[BioSQL-l] release preparation

mark.schreiber at novartis.com mark.schreiber at novartis.com
Mon Apr 18 02:01:53 EDT 2005


Hello Hilmar,

As this document is on a site I maintain I should have updated it before 
now, my bad! Agreed that from a SQL query perspective the schemas are the 
same, one just has more complexity (if I can call it that) under the hood.

I would prefer to keep instructions for the less complex version up for 
the time being as we are having difficulties getting biojava to work 
seamlessly with the more complex version. This is almost certainly a 
failing of biojava for which the oracle support seems to have been 
compiled against the 'simple' schema not the 'complex schema'.

I expect we will soon have biojava supporting your version and we can drop 
the 'simple' schema. After all, there is not much point using oracle if 
you don't make use of the features.

- Mark





Hilmar Lapp <hlapp at gmx.net>
Sent by: biosql-l-bounces at portal.open-bio.org
04/18/2005 01:38 PM

 
        To:     "Richard HOLLAND" <hollandr at gis.a-star.edu.sg>
        cc:     Biosql <biosql-l at open-bio.org>, (bcc: Mark Schreiber/GP/Novartis)
        Subject:        Re: [BioSQL-l] release preparation


First off, before going through your HowTo document, as for the 
description of which content is supposed to go where, have you read the 
doc/schema-overview.txt in the biosql repository?

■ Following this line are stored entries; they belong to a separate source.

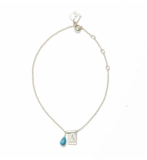 The Silver Little Buddha Sleeping Beauty bracelet features a 1cm x 5mm Buddha pendant on a 1mm thick and 19.5cm long chain with adjustable loops. This delicate style depicts the Buddha of Compassion and the Turquoise stone promotes wisdom and clear communication from the heart.
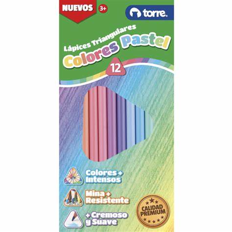 LAPICES PASTEL 12 COLORES TRIANGULARES-TORRE
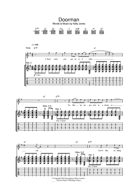 Digital Sheet Music for Doorman by Kelly Jones, Stereophonics scored for Guitar Tab; id:385144
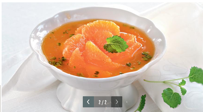 ИНГРЕДИЕНТЫ 4 ч. л. белого сахара (или по вкусу) мята свежая 1 ч. л. крахмала (лучше рисового) 600 г мандаринового сока 3 мандарина 2 ст. л. несоленых фисташек ванильное мороженое для подачи СПОСОБ ПРИГОТОВЛЕНИЯ Крахмал развести в столовой ложке воды. Фисташки очистить от скорлупы. Мандарины очистить, разделить на дольки. В сотейнике подогреть мандариновый сок, добавить сахар, довести почти до кипения и снять с огня. Ввести разведенный в воде крахмал. Перемешать, добавить очищенные фисташки, листики мяты и дольки мандаринов. Разлить по тарелкам. В центр каждой тарелки выложить по шарику ванильного мороженого и сразу же подать.
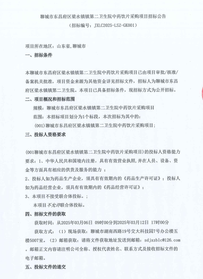 【聊城市东昌府区梁水镇镇第二卫生院】山东省聊城市东昌府区梁水镇镇第二卫生院中药饮片采购项目招标公告

Could you list the 
questions that that document leaves open? I'd rather expand that 
document than writing another one from scratch; I thought Aaron did a 
pretty good job towards your request, but certainly this can improved 
or spiked with more details or whatever you find it could do better on.

Now to the HowTo. BTW is there a reason this should not be included in 
the distribution?

> /BioJava and BioSQL/Oracle HOWTO
>
> What you'll need
>
> Bio*
>
> You'll need the latest version of BioJava to take advantage of the 
> full functionality of BioSQL. This can be downloaded from biojava.org 
> . You'll also need the latest Oracle BioSQL schema. Here you have a 
> choice of two options:
> Original : by Hilmar Lapp, the original BioSQL schema takes full 
> advantage of Oracle's security mechanisms and produces a complex but 
> high quality schema. You'll need sysdba access to your database to 
> install it.

I'd appreciate if this could be straightened out a bit, as you really 
do not need sysdba access if you're not going to create tablespaces and 
users, and not doing these steps is a simple matter of commenting out 
the respective lines.

If you are though then having access to sysdba or access to someone who 
does (i.e., pair-programming with your DBA for this task) is kind of 
unavoidable ...

Also, the distinction of a 'complex schema' coming out of the original 
and 'simplified structure' of Len's version sounds a bit too misleading 
for me, since the schema is no different between either version; there 
is no difference in number of tables or constraints or whatever (or is 
there?).

What simplified structure might refer to is that Len's version leaves 
out the PL/SQL packages etc? Again, just as a note, this is trivial to 
disable in BS-create-all, just comment out the respective steps.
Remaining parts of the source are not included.